→ Try it
Print the entries below exactly as they appear, from the first line up to and including the line with "Figure 2. Provinces". Do not print any pictures.

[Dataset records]

Segment Open

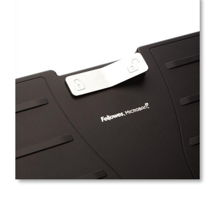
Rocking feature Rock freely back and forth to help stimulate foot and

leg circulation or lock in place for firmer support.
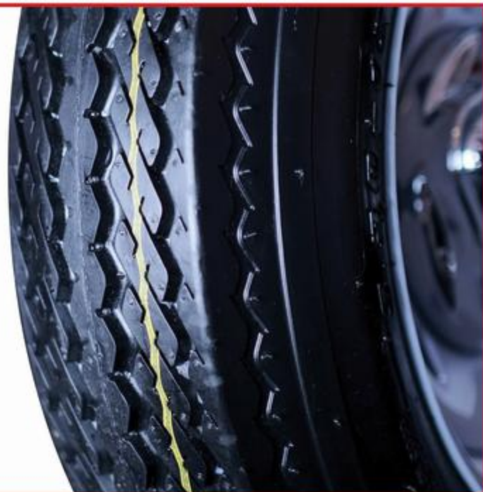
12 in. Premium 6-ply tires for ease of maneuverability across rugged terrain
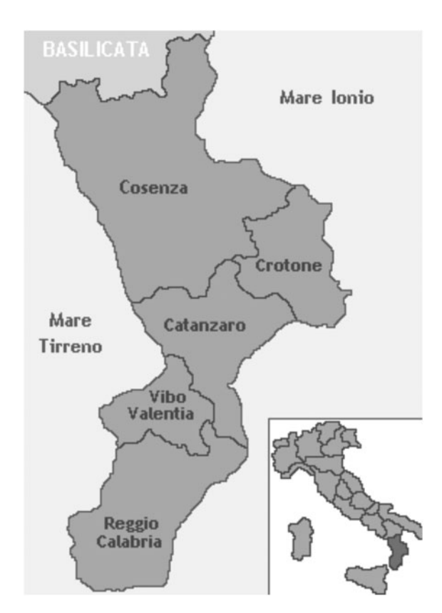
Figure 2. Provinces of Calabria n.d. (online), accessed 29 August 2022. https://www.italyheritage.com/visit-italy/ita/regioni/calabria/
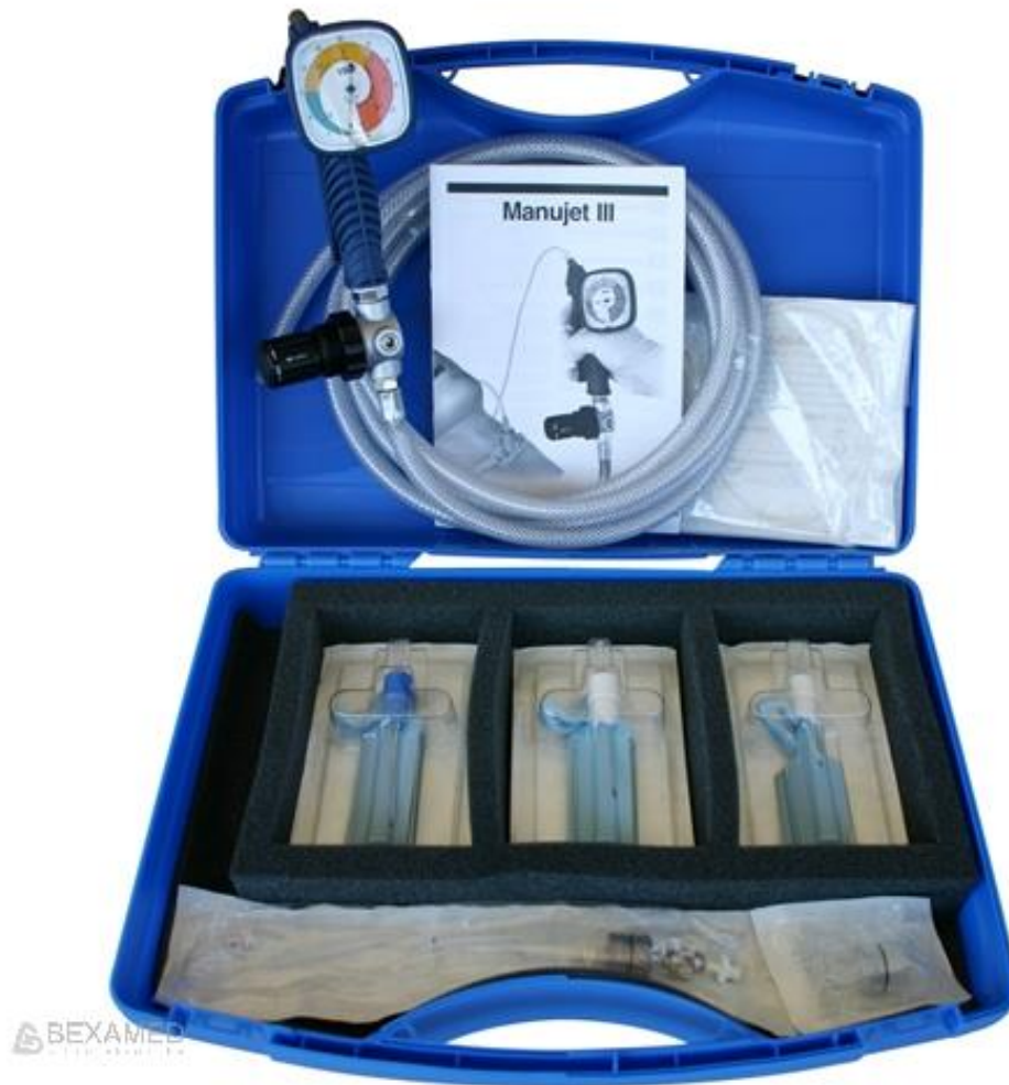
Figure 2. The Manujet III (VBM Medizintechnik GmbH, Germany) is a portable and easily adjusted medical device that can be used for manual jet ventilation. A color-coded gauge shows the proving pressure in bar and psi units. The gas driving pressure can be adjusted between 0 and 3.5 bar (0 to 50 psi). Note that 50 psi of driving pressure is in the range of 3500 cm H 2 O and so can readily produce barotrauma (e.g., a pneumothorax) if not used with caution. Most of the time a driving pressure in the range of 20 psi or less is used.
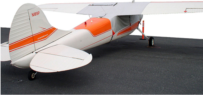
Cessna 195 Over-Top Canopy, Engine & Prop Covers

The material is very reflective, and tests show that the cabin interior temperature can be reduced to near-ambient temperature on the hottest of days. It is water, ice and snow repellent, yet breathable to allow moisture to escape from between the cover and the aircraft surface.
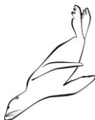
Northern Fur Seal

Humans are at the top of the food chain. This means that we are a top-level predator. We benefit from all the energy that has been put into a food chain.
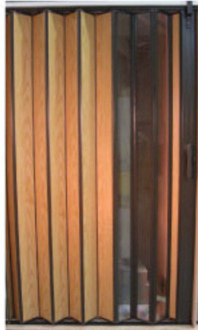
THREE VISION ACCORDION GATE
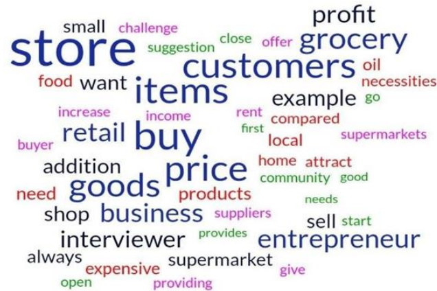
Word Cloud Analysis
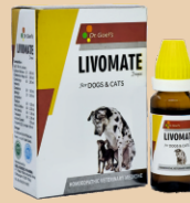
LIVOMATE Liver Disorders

Segment Closed

→ Result of this exercise
Rocking feature Rock freely back and forth to help stimulate foot and

leg circulation or lock in place for firmer support.
12 in. Premium 6-ply tires for ease of maneuverability across rugged terrain
Figure 2. Provinces of Calabria n.d. (online), accessed 29 August 2022. https://www.italyheritage.com/visit-italy/ita/regioni/calabria/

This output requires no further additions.